(Data below begins)

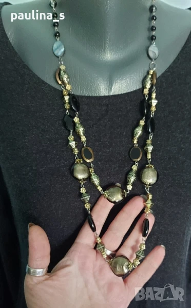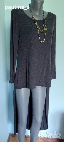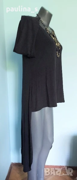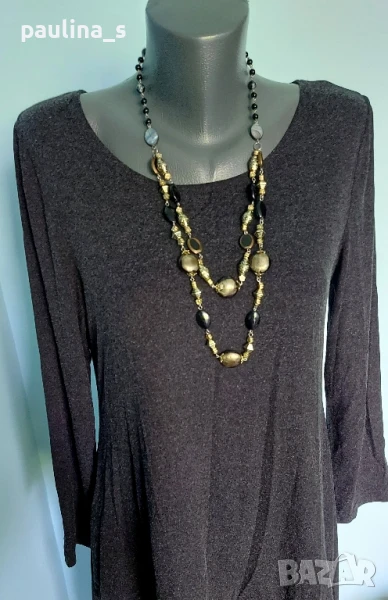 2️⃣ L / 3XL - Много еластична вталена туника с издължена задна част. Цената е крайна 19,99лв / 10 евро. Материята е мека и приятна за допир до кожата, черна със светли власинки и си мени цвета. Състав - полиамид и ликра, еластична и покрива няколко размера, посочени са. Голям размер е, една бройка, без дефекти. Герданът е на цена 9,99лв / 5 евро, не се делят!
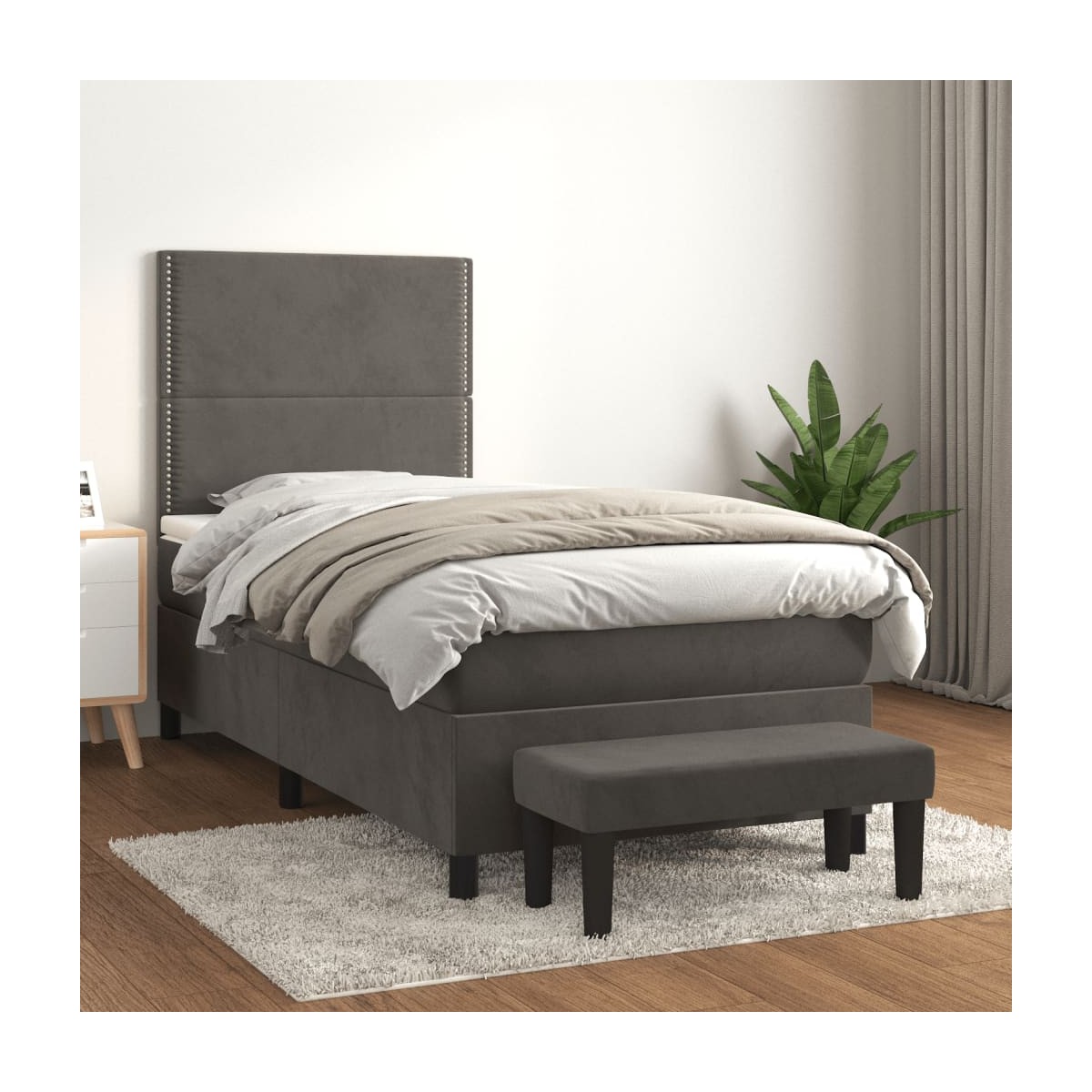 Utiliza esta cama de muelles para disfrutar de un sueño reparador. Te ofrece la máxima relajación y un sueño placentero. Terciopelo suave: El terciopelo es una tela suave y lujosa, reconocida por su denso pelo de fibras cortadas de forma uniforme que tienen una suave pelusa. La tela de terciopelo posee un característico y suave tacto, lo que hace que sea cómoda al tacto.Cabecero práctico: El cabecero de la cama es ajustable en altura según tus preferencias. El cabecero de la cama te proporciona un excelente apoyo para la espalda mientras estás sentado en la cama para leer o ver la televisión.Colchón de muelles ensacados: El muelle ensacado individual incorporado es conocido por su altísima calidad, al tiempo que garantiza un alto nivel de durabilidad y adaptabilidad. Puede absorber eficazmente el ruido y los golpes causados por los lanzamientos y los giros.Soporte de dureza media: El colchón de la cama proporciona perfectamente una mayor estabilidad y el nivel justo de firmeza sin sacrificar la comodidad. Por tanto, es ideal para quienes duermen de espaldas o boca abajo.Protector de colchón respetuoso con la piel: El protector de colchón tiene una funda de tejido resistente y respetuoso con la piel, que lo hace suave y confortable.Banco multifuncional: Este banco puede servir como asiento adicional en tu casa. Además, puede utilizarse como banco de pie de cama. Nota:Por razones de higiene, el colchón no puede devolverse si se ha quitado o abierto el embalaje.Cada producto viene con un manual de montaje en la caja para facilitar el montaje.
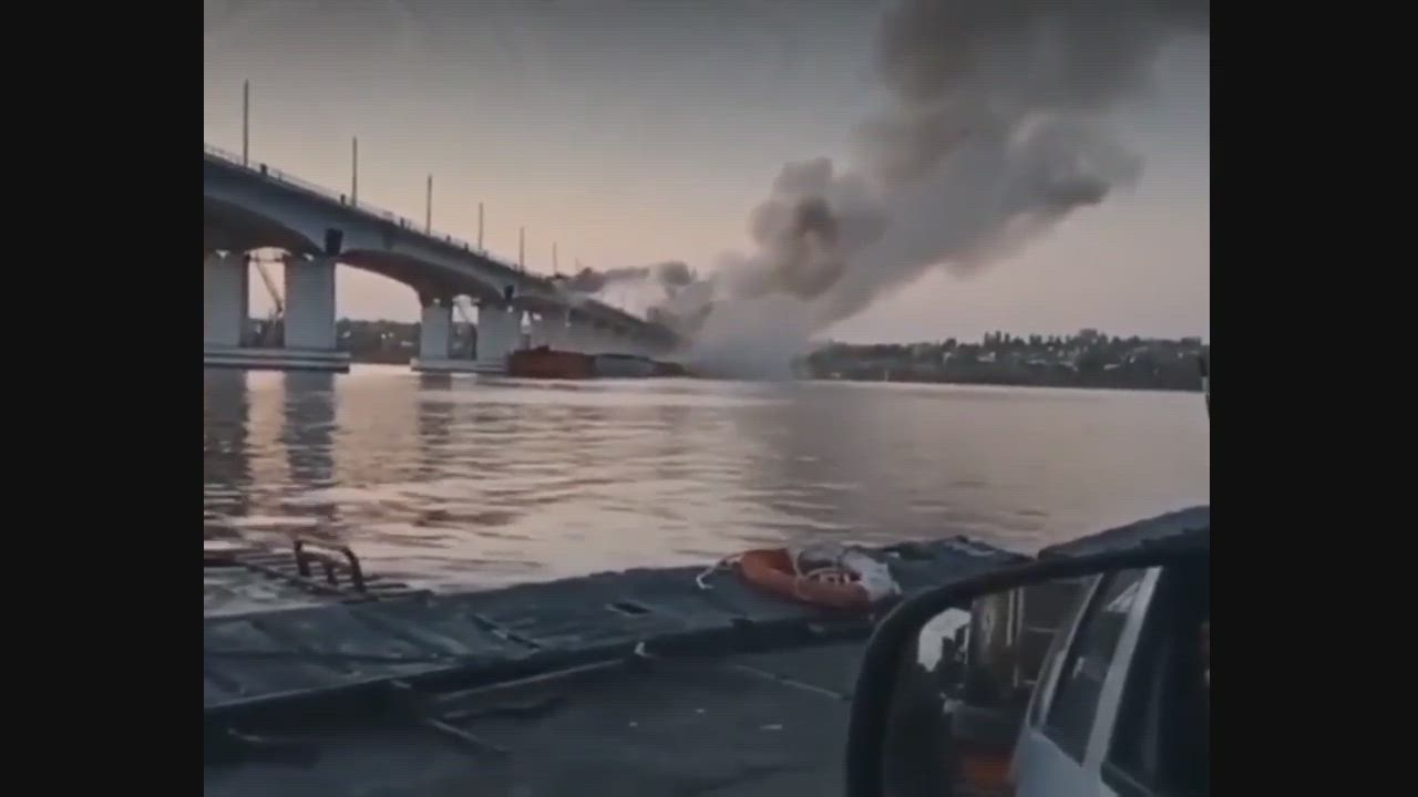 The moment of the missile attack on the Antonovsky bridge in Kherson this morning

(Data below ends)

Return all of the material precisely as written. No picture belongs in it.

 2️⃣ L / 3XL - Много еластична вталена туника с издължена задна част. Цената е крайна 19,99лв / 10 евро. Материята е мека и приятна за допир до кожата, черна със светли власинки и си мени цвета. Състав - полиамид и ликра, еластична и покрива няколко размера, посочени са. Голям размер е, една бройка, без дефекти. Герданът е на цена 9,99лв / 5 евро, не се делят!
 Utiliza esta cama de muelles para disfrutar de un sueño reparador. Te ofrece la máxima relajación y un sueño placentero. Terciopelo suave: El terciopelo es una tela suave y lujosa, reconocida por su denso pelo de fibras cortadas de forma uniforme que tienen una suave pelusa. La tela de terciopelo posee un característico y suave tacto, lo que hace que sea cómoda al tacto.Cabecero práctico: El cabecero de la cama es ajustable en altura según tus preferencias. El cabecero de la cama te proporciona un excelente apoyo para la espalda mientras estás sentado en la cama para leer o ver la televisión.Colchón de muelles ensacados: El muelle ensacado individual incorporado es conocido por su altísima calidad, al tiempo que garantiza un alto nivel de durabilidad y adaptabilidad. Puede absorber eficazmente el ruido y los golpes causados por los lanzamientos y los giros.Soporte de dureza media: El colchón de la cama proporciona perfectamente una mayor estabilidad y el nivel justo de firmeza sin sacrificar la comodidad. Por tanto, es ideal para quienes duermen de espaldas o boca abajo.Protector de colchón respetuoso con la piel: El protector de colchón tiene una funda de tejido resistente y respetuoso con la piel, que lo hace suave y confortable.Banco multifuncional: Este banco puede servir como asiento adicional en tu casa. Además, puede utilizarse como banco de pie de cama. Nota:Por razones de higiene, el colchón no puede devolverse si se ha quitado o abierto el embalaje.Cada producto viene con un manual de montaje en la caja para facilitar el montaje.
 The moment of the missile attack on the Antonovsky bridge in Kherson this morning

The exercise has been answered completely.